Project Nayuki


Lowest SHA-512 value by brute force

Lowest SHA-512 program running screenshot

I encountered a competition to find an ASCII string with a SHA-512 hash value as low as possible (or the most number of leading zeros). So I accepted the challenge and built a brute-force search program in C, based on my fast SHA-512 implementation in x86-64 assembly. Additionally, I rewrote SHA-512 in vectorized form to do dual and quad SHA-512 hashing using x86 AVX instructions, and implemented multithreading with pthreads.

Source code

C + x86-64 AVX (dual SHA-512)

Download: lowest-sha512-dual-pthread.c, sha512-64-avx.S

Compile: cc -pthread -O1 lowest-sha512-dual-pthread.c sha512-64-avx.S -o lowest-sha512-dual-pthread

This uses the 128-bit XMM registers to compute two simultaneous instances of the SHA-512 hash function per thread. The program prints abbreviated hashes to standard error and full hashes to standard output (intended for logging).

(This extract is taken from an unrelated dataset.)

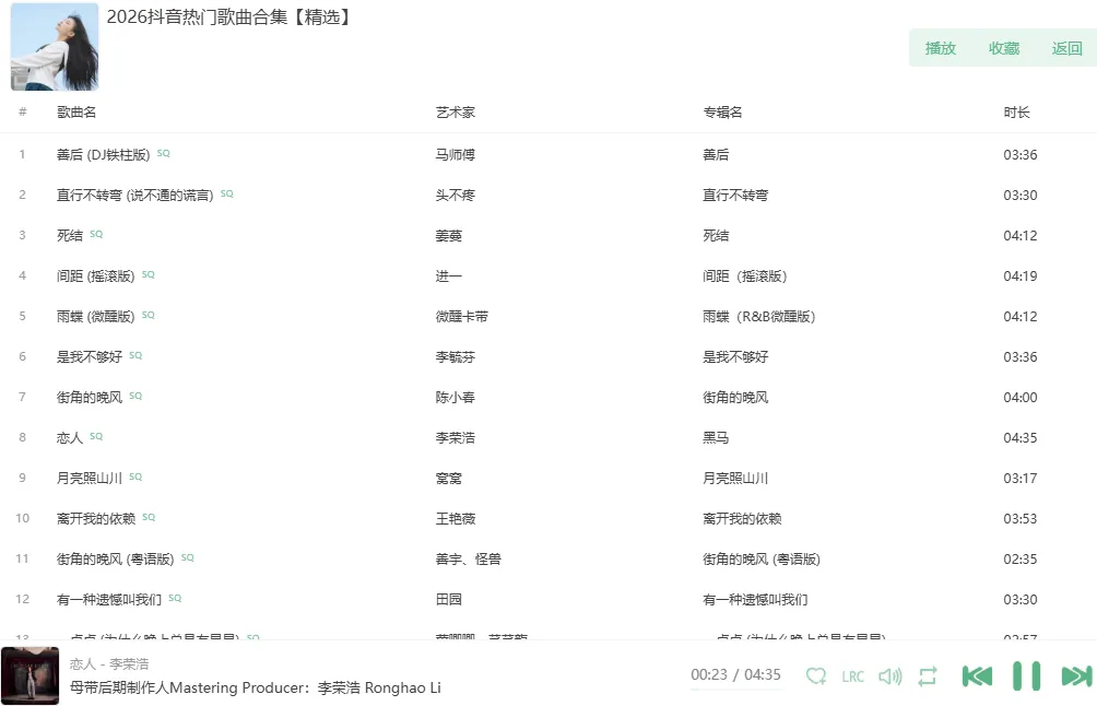 11、随便打开一个合集,这样歌曲就显示在列表中,点击右上角的播放就是从头开始播放,或者双击其中某首歌曲,也可进行单曲播放

C + x86-64 AVX2 (quad SHA-512)

Download: lowest-sha512-quad-pthread.c, sha512-64-avx2.S

Compile: cc -pthread -O1 lowest-sha512-quad-pthread.c sha512-64-avx2.S -o lowest-sha512-quad-pthread

This uses the 256-bit YMM registers to compute four simultaneous instances of the SHA-512 hash function per thread. The program prints abbreviated hashes to standard error and full hashes to standard output (intended for logging).

C (portable)

Download: lowest-sha512.c

Compile: cc -O1 lowest-sha512.c -o lowest-sha512

This C code is portable, not depending on the x86 machine architecture and forgoes multithreading. Though it’s not very fast, the code illustrates my core ideas invovled in this brute-force hashing program and contains fewer minute details than the optimized versions.

Python

Download: lowest-sha512.py

This highly simplified program demonstrates the core of what the C programs are doing. The program prints abbreviated hashes to standard output only. Compatible with Python 2 and 3.

Notes

  • The 3-operand arithmetic introduced in AVX is a welcome change from x86’s classic 2-operand form. I had to change my habits and refrain from writing MOV instructions a few times (e.g. because bit shifting is no longer destructive), but overall the clarity of the code is improved.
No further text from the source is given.